### [TASK STATEMENT]
The answer must be an exact reprint of the lines from the one with "Jäniksen vuosi 2023" through the final line of the data, with no pictures included.

### [RECORDS FOR THIS EXERCISE]
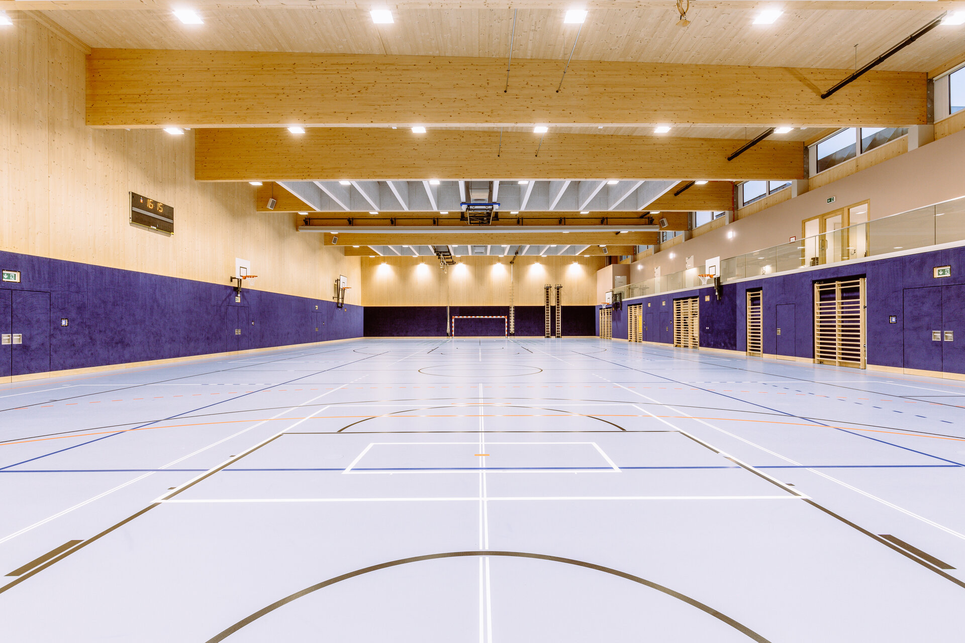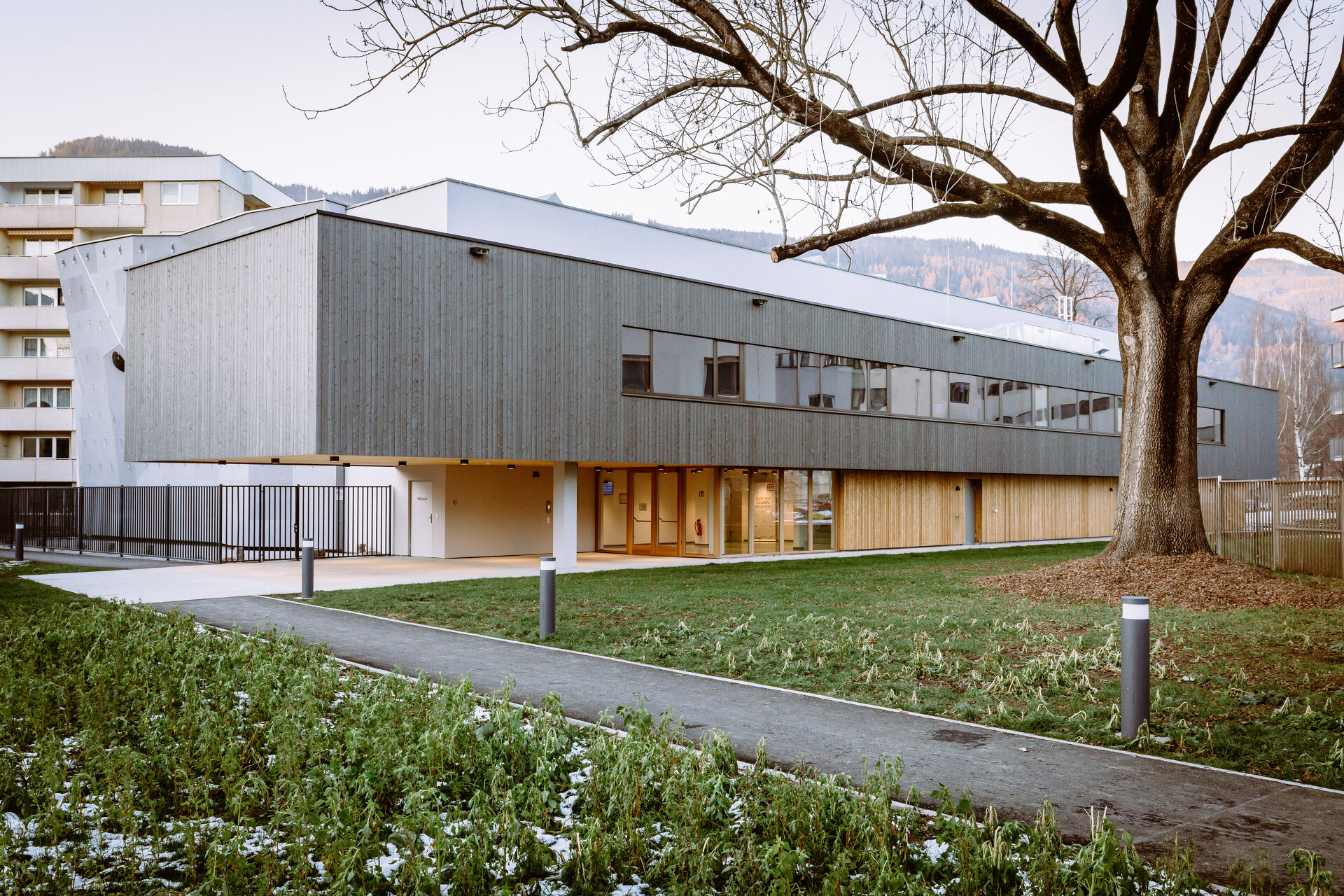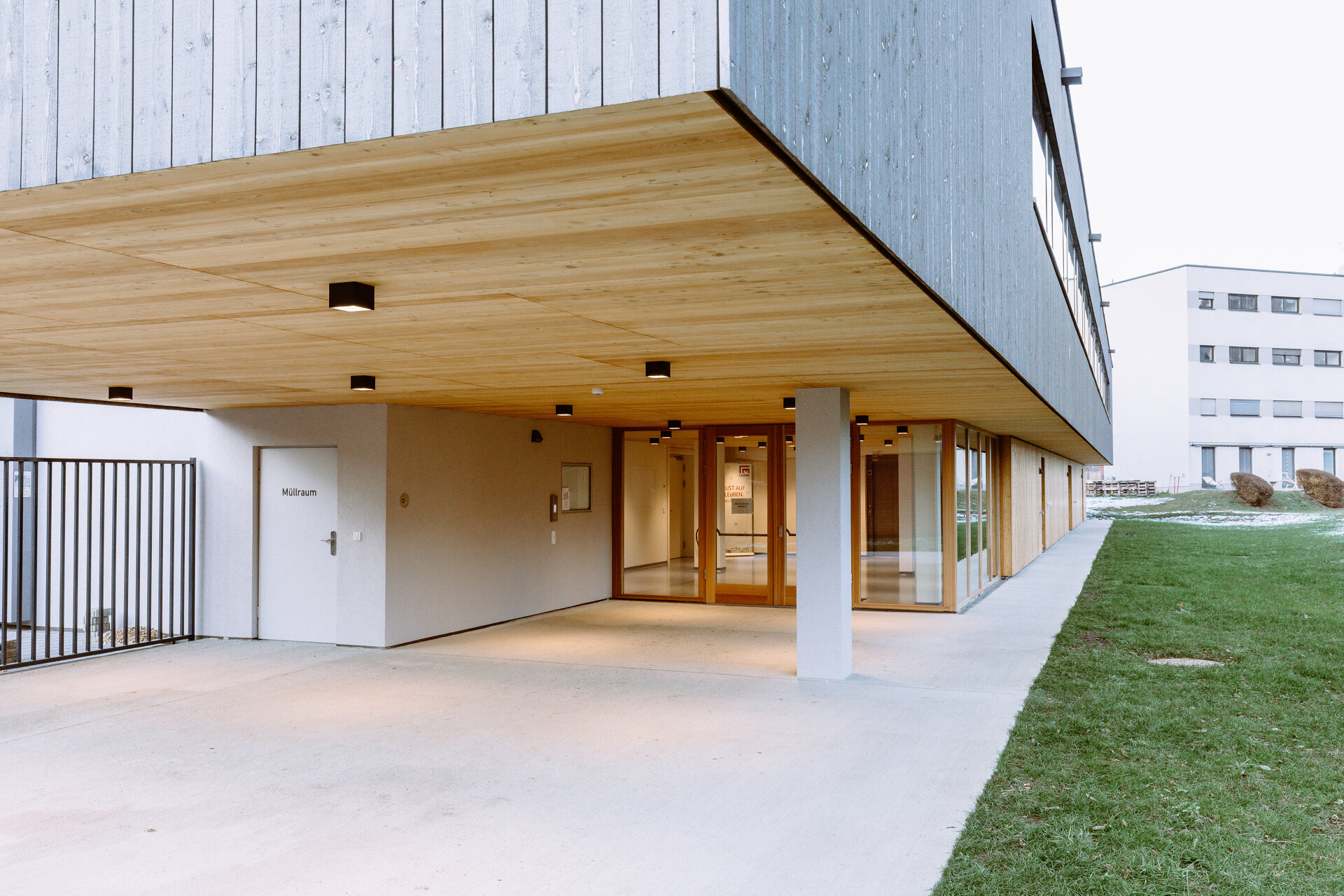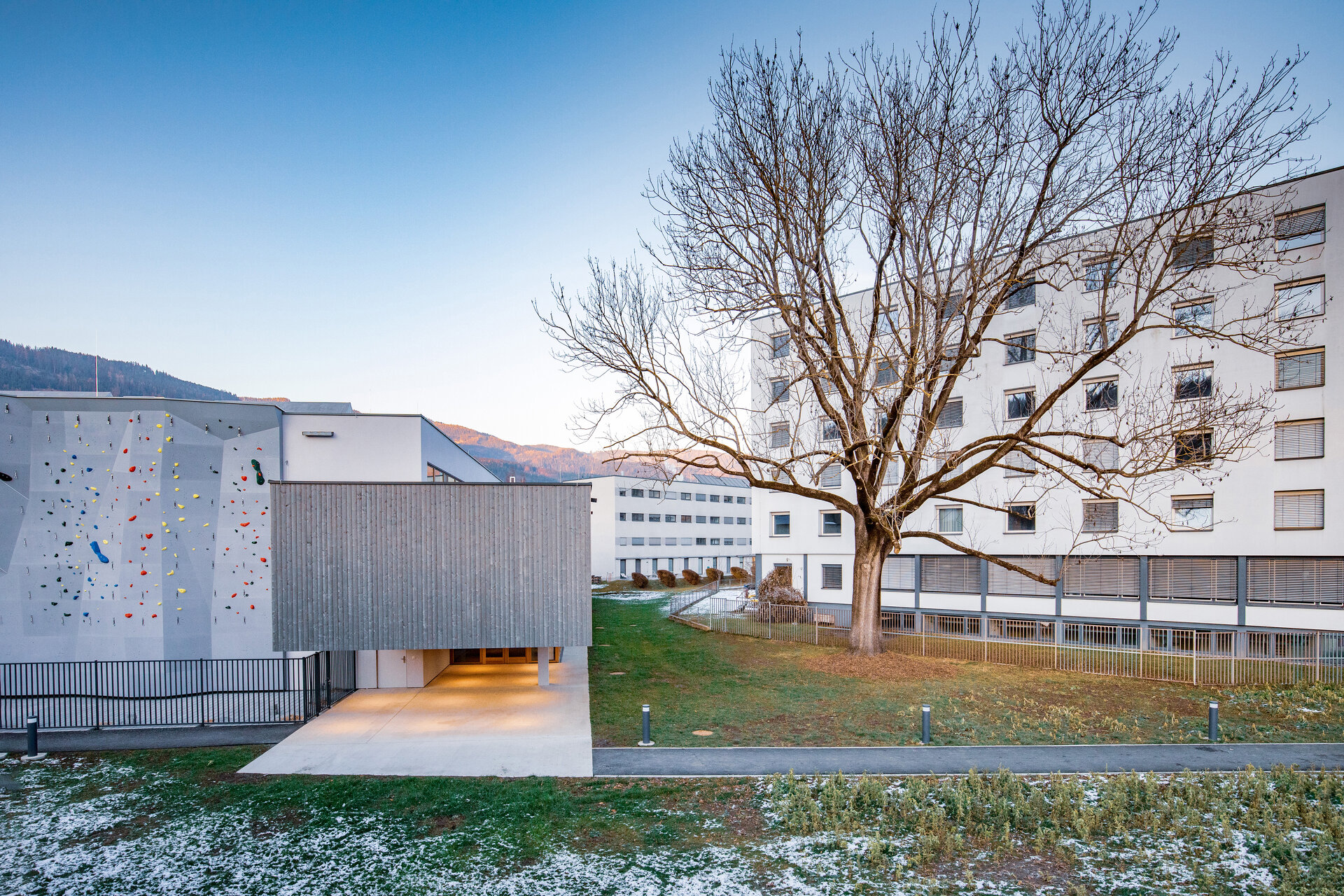 Ballsporthalle und Umkleidetrakt unterscheiden sich außerlich deutlich durch ihre Fassadenoberflächen: Während die Halle verputzt bzw. an ihrer Südseite mit Holzwerkstoffplatten bekleidet ist, erhielten die Fassaden des Umkleidetrakts unterschiedliche Holzschalungen. (Text: Architekten, bearbeitet)
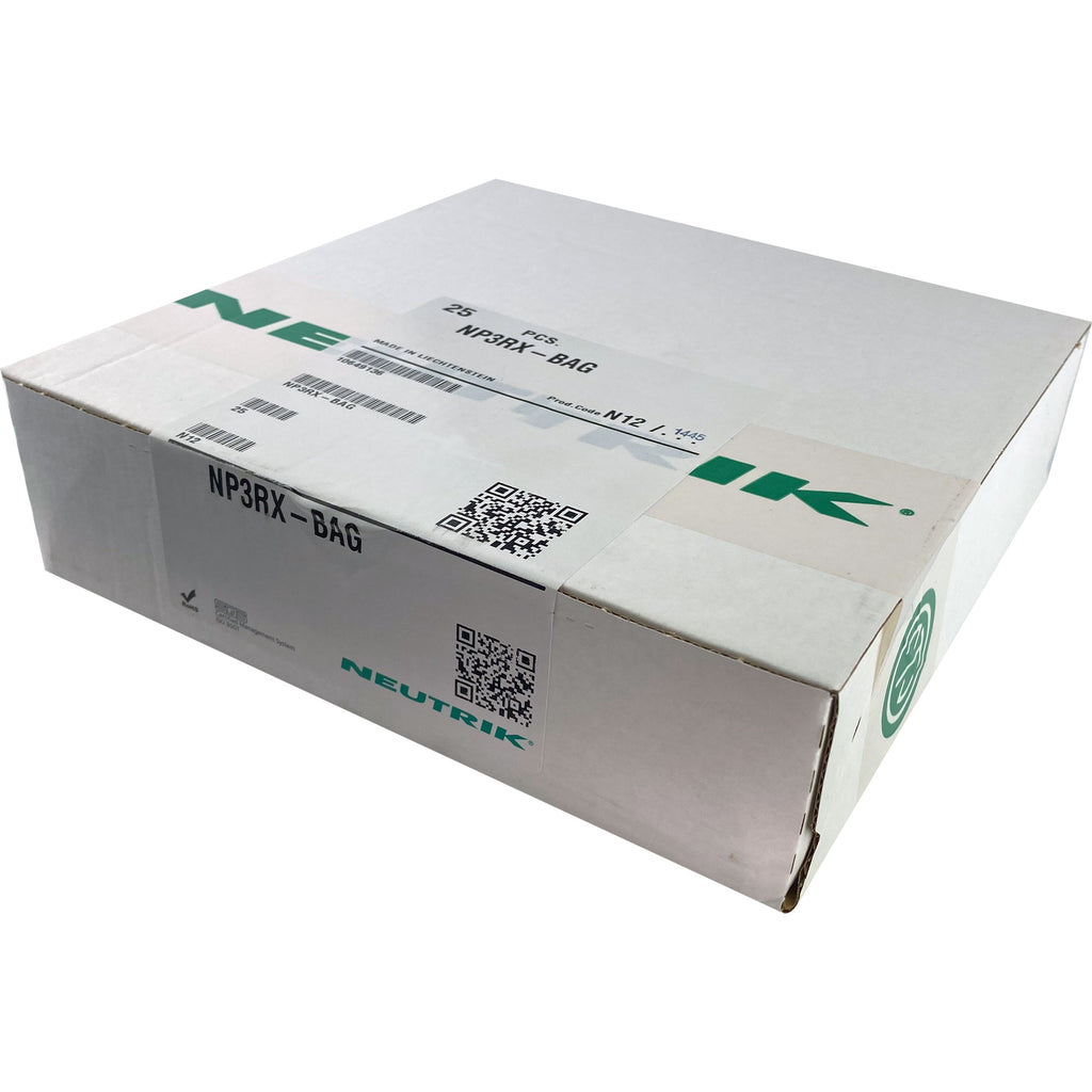 Male 1/4" Right-Angle TRS Stereo Phone Plug, Cable End, Black Housing, Silver Contacts - Full Box of 25 Connectors
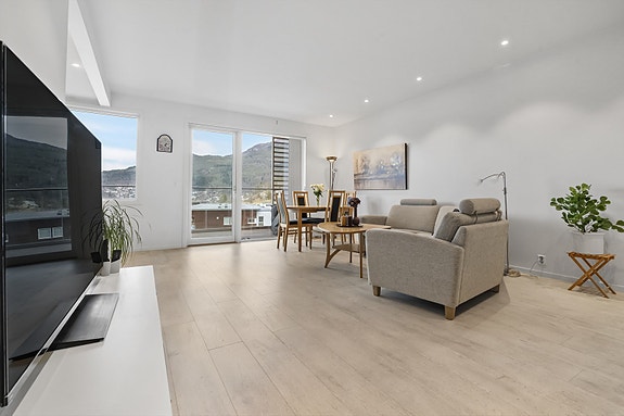 - 2,70 takhøg i stove og kjøkken, samt store vindauge mot vest gjev luftig og god romfølelse
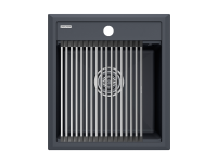 Материал мойки устойчив к сколам, царапинам и деформациям. На горизонтальных гранях чаши мойки предусмотрены специальные выступы-ступеньки, которые позволяют использовать такие аксессуары, как ролл-маты, доски, коландеры и пр. для создания дополнительной рабочей поверхности на кухне.
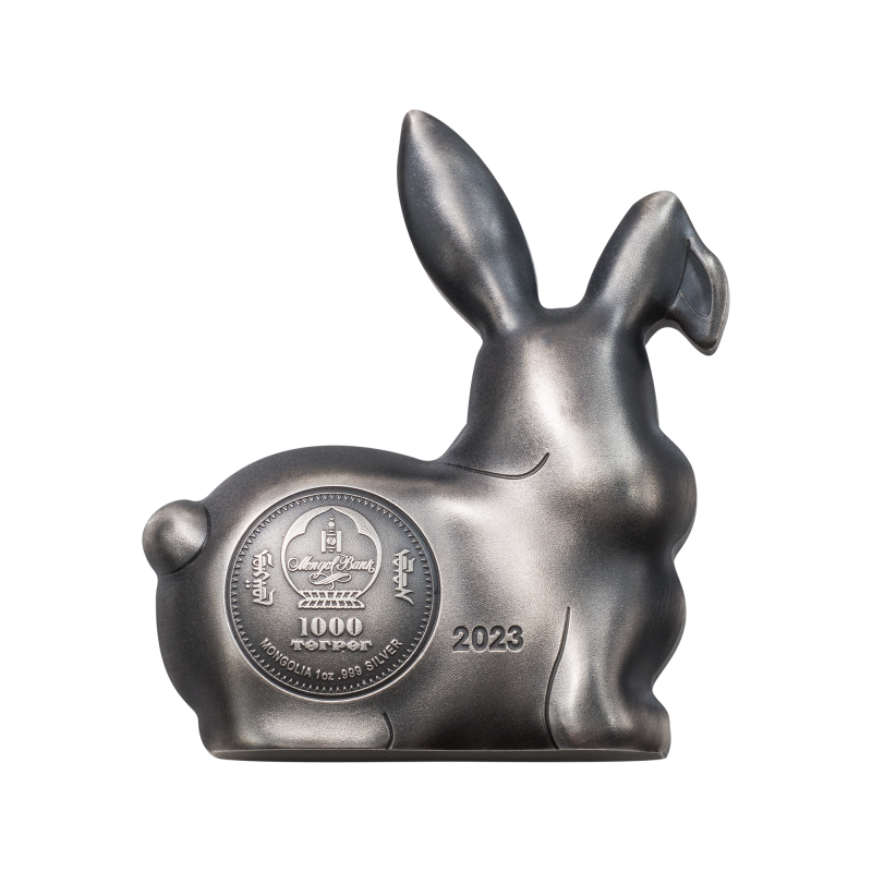 Jäniksen vuosi 2023 - Mongolia 500 Tugrik 1 unssi 99,9% 3D hopearaha, antiikkipatinointi
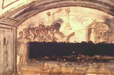 The Law and Deliverance 159. Atop Mt. Sinai veiled in clouds, Moses receives the Law from the hand of God; below, Jesus raises Lazarus from the dead. Lunette painting. Cubiculum O, catacomb of Via Latina.

### [OUTPUT]
 Jäniksen vuosi 2023 - Mongolia 500 Tugrik 1 unssi 99,9% 3D hopearaha, antiikkipatinointi
 The Law and Deliverance 159. Atop Mt. Sinai veiled in clouds, Moses receives the Law from the hand of God; below, Jesus raises Lazarus from the dead. Lunette painting. Cubiculum O, catacomb of Via Latina.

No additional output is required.